This Week in Learning

Each Friday, RPS highlights five popular news stories from the world of training professionals. Visit our blog each week to see which stories were trending amongst your industry peers.

Chief Learning Officer
Innovative Methods to Develop Leaders
by Patrick Sweeney
Successful leaders, by their very nature, are consumed with what they are doing — connecting with clients, motivating talent and inspiring those around them. In particular, enlightened leaders are in a position to create a new future for their organization by identifying the potential and developing the talent of those who could replace them. Sweeney suggest some things learning leaders should consider when putting together leadership development programs.

ASTD
Stoke the Fire for Social Learning Success
by Dan Steer
There are many different ways to use social media for learning, and its benefits have already been well documented. But not every formal learning initiative that uses social media is successful. If you’ve been trying things out yourself, you may have realized that this is not “Field of Dreams” scenario, you are not Kevin Costner, and simply building it doesn’t mean they will come. You need to stoke the fire to engage your learners.

Training Journal
Agile Organizations More Likely to Experience Growth, Research Claims
The 2013 Barometer on Change finds that more than half (54 percent) of organizations have initiatives in place to reduce costs, compared to just 22 percent with initiatives aimed at improving performance.

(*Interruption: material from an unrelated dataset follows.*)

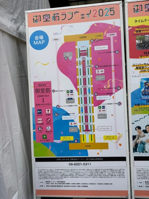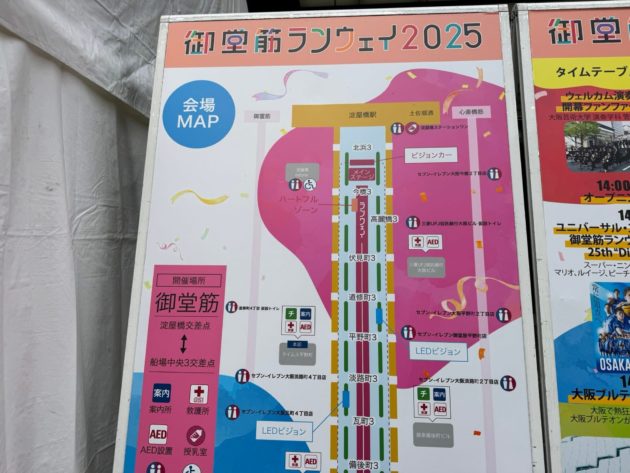 淀屋橋駅から本町駅まで1駅分、約1.1キロメートルの超長いランウェイ。私は比較的ステージから近い北から3ブロック目(10のブロックが東西でQまである)のFブロック側道に当選。。集合は伏見町3交差点東側だったので淀屋橋駅で降りた。

And worryingly, Less than a fifth (19 percent) claimed to be addressing new products or services.

Workforce
Corporate Foreign Language Training on the Rise
by Sarah Fister Gale
Foreign language ability may be the final barrier to global corporate expansion. Whether companies partner with international firms, open offices abroad or simply strive to meet the needs of a diverse customer base, their ability to communicate in multiple languages is becoming a strategic business imperative.

Training Magazine
Everyone Can Be a Winner
by Norman Bodek
Imagine all your employees are self-motivated, highly skilled artisans who are self-reliant and self-directed. The Harada Method offers a step-by-step process employees and management can follow, eventually leading to not only more self-reliant employees, but higher-quality products and greater overall success for the organization.